Categories: FAANG

GenAI for Aerospace: Empowering the workforce with expert knowledge on Amazon Q and Amazon Bedrock

Aerospace companies face a generational workforce challenge today. With the strong post-COVID recovery, manufacturers are committing to record production rates, requiring the sharing of highly specialized domain knowledge across more workers. At the same time, maintaining the headcount and experience level of the workforce is increasingly challenging, as a generation of subject matter experts (SMEs) retires and increased fluidity characterizes the post-COVID labor market. This domain knowledge is traditionally captured in reference manuals, service bulletins, quality ticketing systems, engineering drawings, and more, but the quantity and complexity of documents is growing and takes time to learn. You simply can’t train new SMEs overnight. Without a mechanism to manage this knowledge transfer gap, productivity across all phases of the lifecycle might suffer from losing expert knowledge and repeating past mistakes.

Generative AI is a modern form of machine learning (ML) that has recently shown significant gains in reasoning, content comprehension, and human interaction. It can be a significant force multiplier to help the human workforce quickly digest, summarize, and answer complex questions from large technical document libraries, accelerating your workforce development. AWS is uniquely positioned to help you address these challenges through generative AI, with a broad and deep range of AI/ML services and over 20 years of experience in developing AI/ML technologies.

This post shows how aerospace customers can use AWS generative AI and ML-based services to address this document-based knowledge use case, using a Q&A chatbot to provide expert-level guidance to technical staff based on large libraries of technical documents.
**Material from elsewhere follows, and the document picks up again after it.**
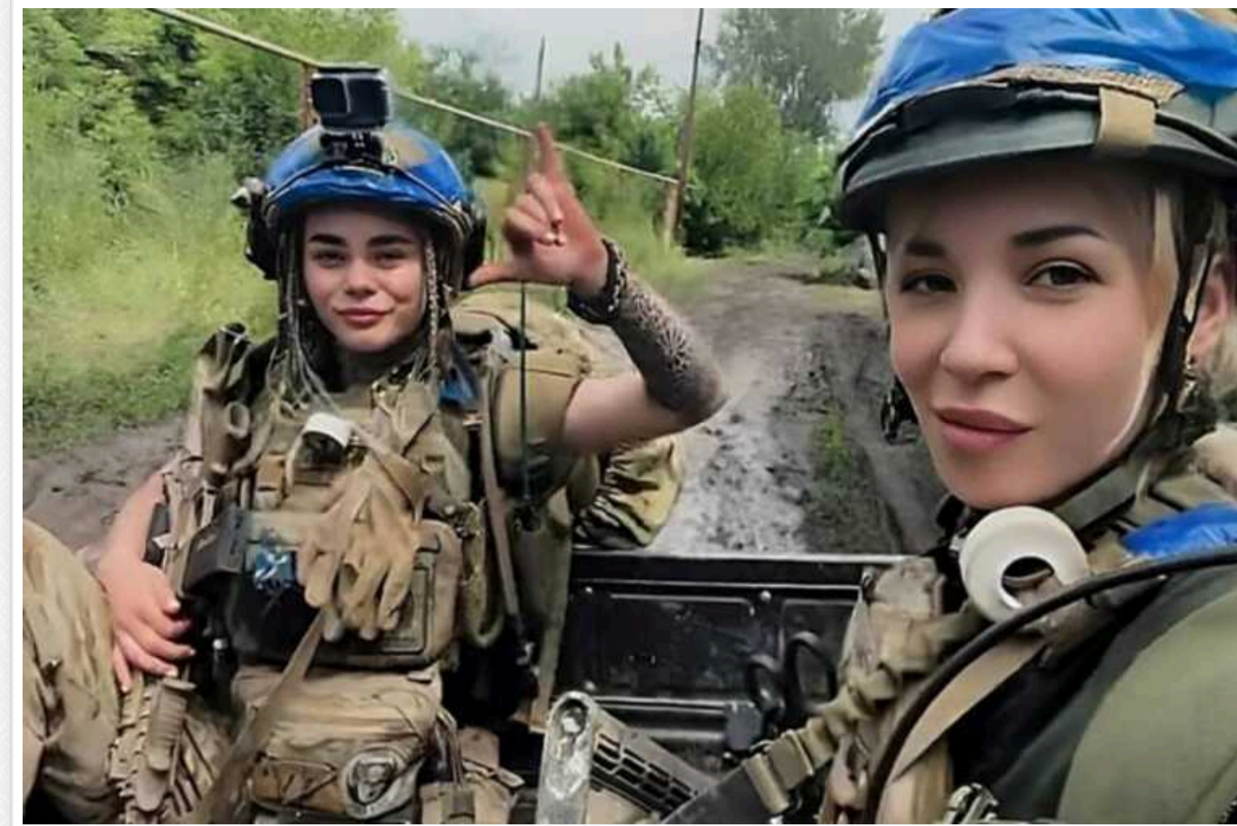
Україна все частіше почала залучати жінок до виконання завдань в армії

We focus on the use of two AWS services:

  • Amazon Q can help you get fast, relevant answers to pressing questions, solve problems, generate content, and take actions using the data and expertise found in your company’s information repositories, code, and enterprise systems.
  • Amazon Bedrock is a fully managed service that offers a choice of high-performing foundation models (FMs) from leading AI companies like AI21 Labs, Anthropic, Cohere, Meta, Stability AI, and Amazon through a single API, along with a broad set of capabilities to build generative AI applications with security, privacy, and responsible AI.
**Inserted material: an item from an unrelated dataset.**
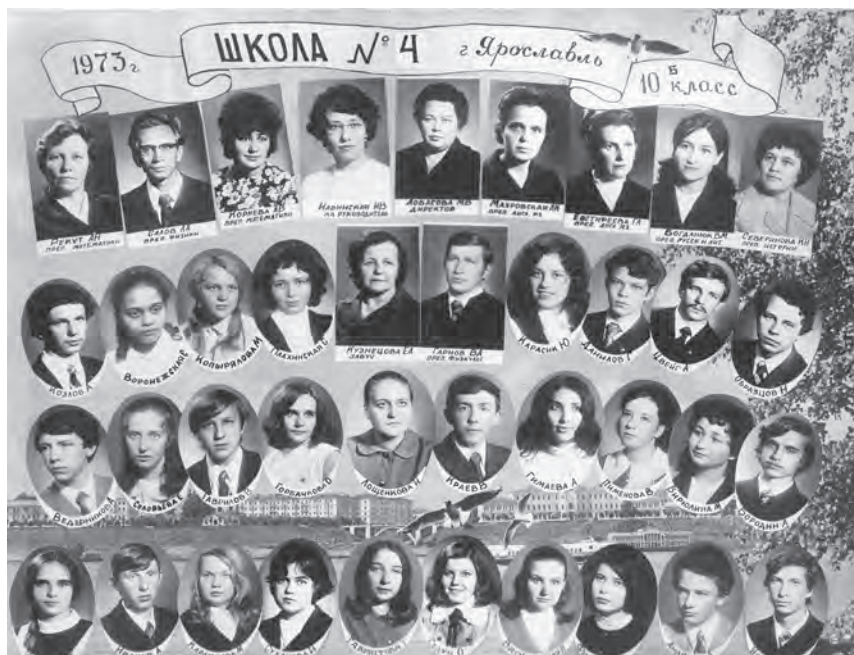
Выпуск 1973 года

Although Amazon Q is a great way to get started with no code for business users, Amazon Bedrock Knowledge Bases offers more flexibility at the API level for generative AI developers; we explore both these solutions in the following sections. But first, let’s revisit some basic concepts around Retrieval Augmented Generation (RAG) applications.
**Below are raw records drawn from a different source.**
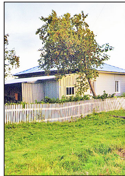
Усадьба Куроптевых. Малоярковцы стараются содержать придомовую территорию в чистоте и красоте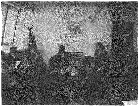
女性の校長先生からイギリスの教育事情について説明を受ける参加者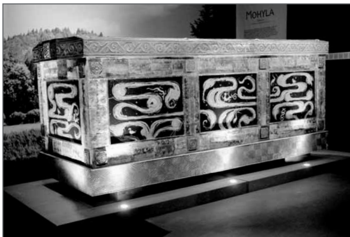
Rekonstrukce sarkofágu čínského císaře Čchin Š'chuan-ťiho, který se stal obětí elixíru života připraveného jeho alchymisty

Karel Čapek sice v divadelní hře Věc Makropulos dokazuje, že po pár stoletích může nesmrtelnost člověka omrzet, ale jeho Elina Makropulos, alchymistova třisetletá dcera toužící po smrti, je jen fikce. Naproti tomu konec pozemské existence pro nás, kteří nejsme divadelní postavy, je jistota, s níž není lehké se smířit. Nešlo to nejspíš nikdy, dá se proto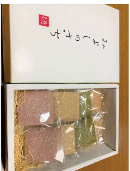
⑤みよしのさち クッキー 2箱セット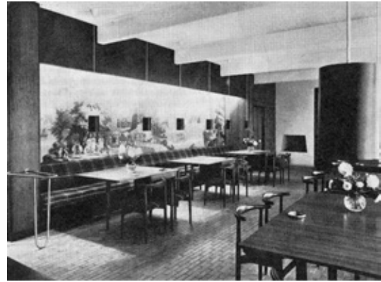
■ Kuva 3. Tanskan Carlsron kollektiivitalo. Kuva julkaistu Kaunis Koti -lehdessä vuonna 1966 (nro 2).

Generative AI constraints and RAG

Although generative AI holds great promise for automating complex tasks, our aerospace customers often express concerns about the use of the technology in such a safety- and security-sensitive industry. They ask questions such as:

  • “How do I keep my generative AI applications secure?”
  • “How do I make sure my business-critical data isn’t used to train proprietary models?”
  • “How do I know that answers are accurate and only drawn from authoritative sources?” (Avoiding the well-known problem of hallucination.)
  • “How can I trace the reasoning of my model back to source documents to build user trust?”
  • “How do I keep my generative AI applications up to date with an ever-evolving knowledge base?”

In many generative AI applications built on proprietary technical document libraries, these concerns can be addressed by using the RAG architecture. RAG helps maintain the accuracy of responses, keeps up with the rapid pace of document updates, and provides traceable reasoning while keeping your proprietary data private and secure.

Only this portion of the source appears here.